Construct matrix from multiple files using pandas
Has multiple files (20) in a 2 column directory, for example
transcript_id value
ENMUST001 2
ENMUST003 3
ENMUST004 5
the number of lines is different in each file, what I would like to do is combine all 20 files into one huge matrix.
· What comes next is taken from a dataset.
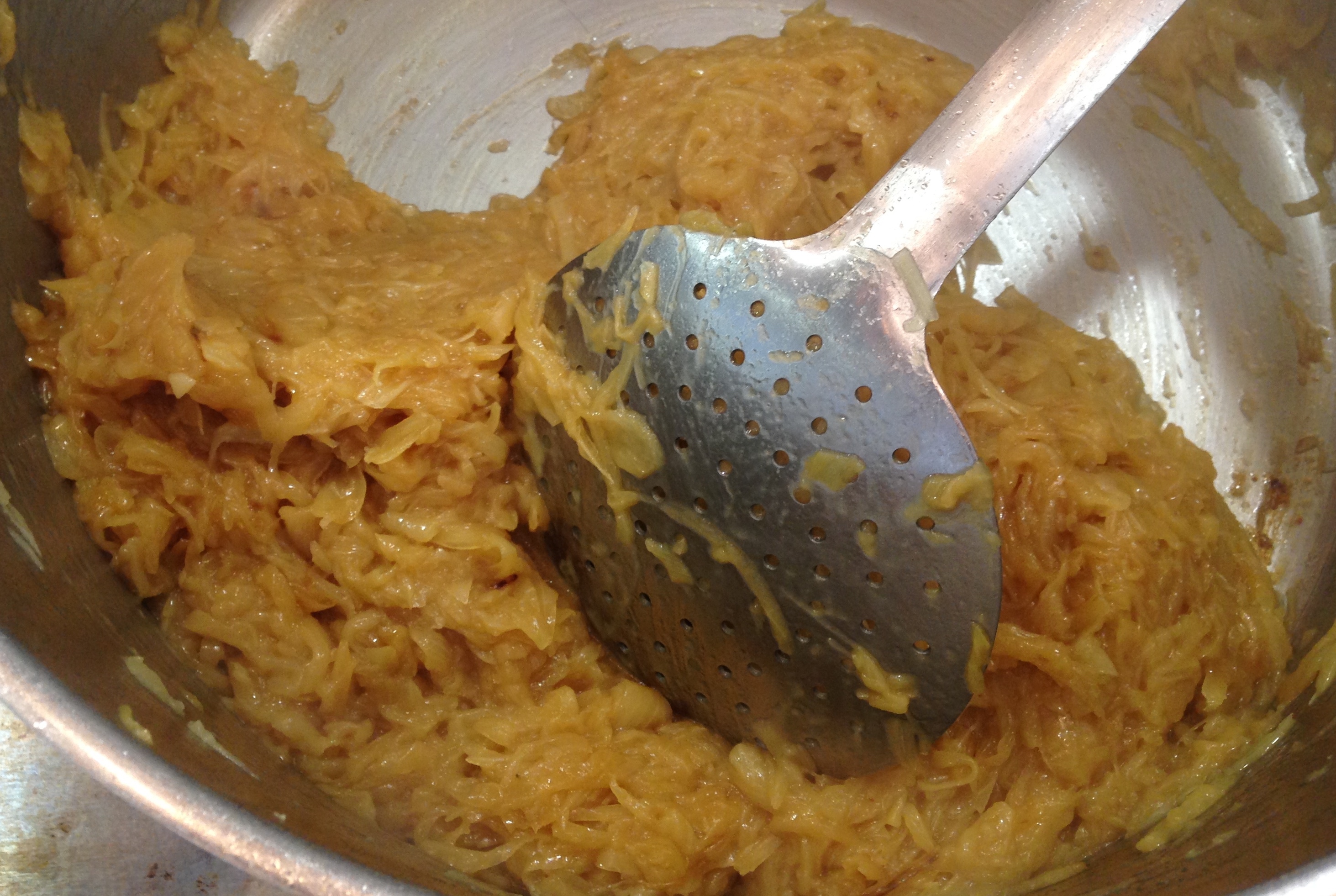 En una cacerola con la mantequilla, ponemos la cebolla a sudar con una pizca de sal y procedemos a caramelizar.

transcript_id value_file1 value_file2....value_file20
ENMUST001 2 3
ENMUST003 3 4
ENMUST004 5 0
Collect all ids from the transcript_id column and corresponding values ββfrom each file (filename as column name), and if no value, use 0.
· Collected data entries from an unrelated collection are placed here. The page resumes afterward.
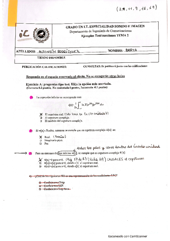 He publicado nuevos ejercicios de 4º Tratamiento Digital de Voz e Imagen: Cuestiones tipo examen CORREGIDAS VOZ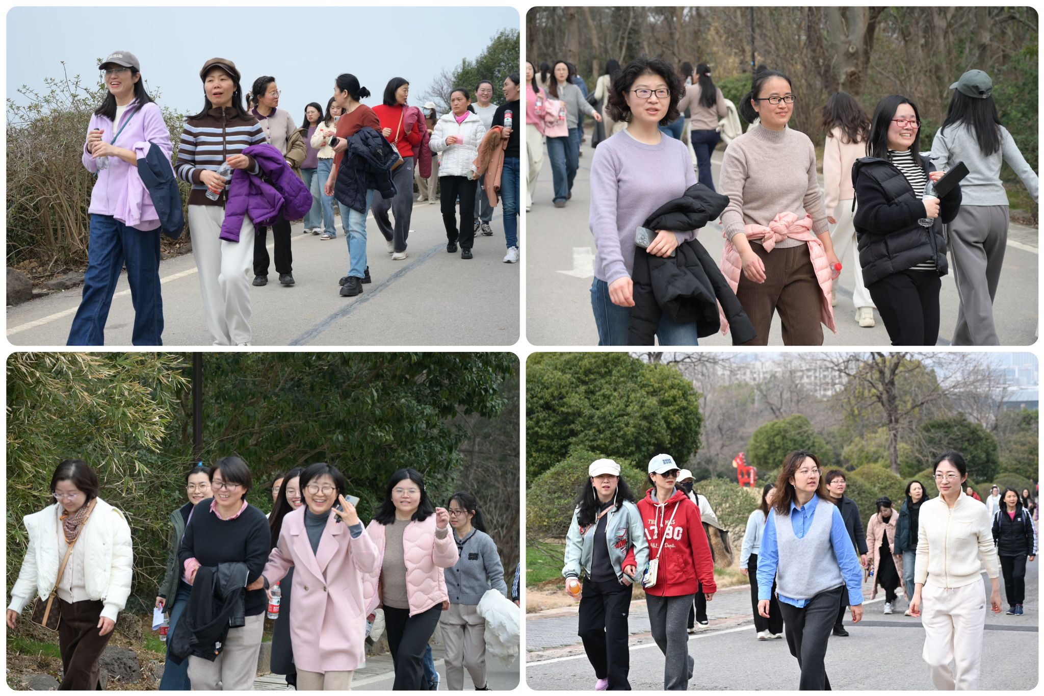 随着发令枪响,健身行活动正式拉开帷幕。女教职工们精神饱满、步履矫健,沿着蜿蜒山路拾级而上。初春的方山草木萌发、空气清新,大家三五成群,或畅谈工作感悟,或分享生活趣事,欢声笑语洒满山间。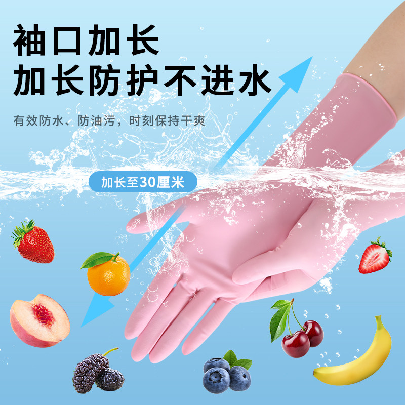 家用丁腈手套加厚加长防水食品级家务干活搞卫生做饭厨房洗碗耐用

I tried to do this using pandas,
import os
import glob
import pandas as pd
path = 'pathtofiles'
transFiles = glob.glob(path + "*.tsv")
df_files = []
for file in transFiles:
df = pd.read_csv(file, sep='\t')
df.set_index('transcript_id')
df_files.append(df)
df_combine = pd.concat(df_files, axis=1).fillna(0)
Error:
ValueError: No objects to concatenate
I wonder if it is better to use the <pandas method? any pseudocode is evaluated.
change
found found
df.set_index('transcript_id')
print (df.shape)
(921, 1)
(1414, 1)
(659, 1)
(696, 1)
(313, 1)
print (df.is_unique)
(921, 1)
False
(1414, 1)
False
(659, 1)
False
(696, 1)
False
(313, 1)
False
df = df.drop_duplicates(inplace=True)
df_files.append(df)
df_combine = pd.concat(df_files, axis=1).fillna(0)
New error
ValueError: All objects passed were None
reprint
before: (921, 1)
after: (914, 1)
before: (1414, 1)
after: (1410, 1)
before: (659, 1)
after: (658, 1)
before: (696, 1)
after: (694, 1)
before: (313, 1)
after: (312, 1)
source to share
The default behavior for set_index is inplace=False
. Try replacing df.set_index('transcript_id')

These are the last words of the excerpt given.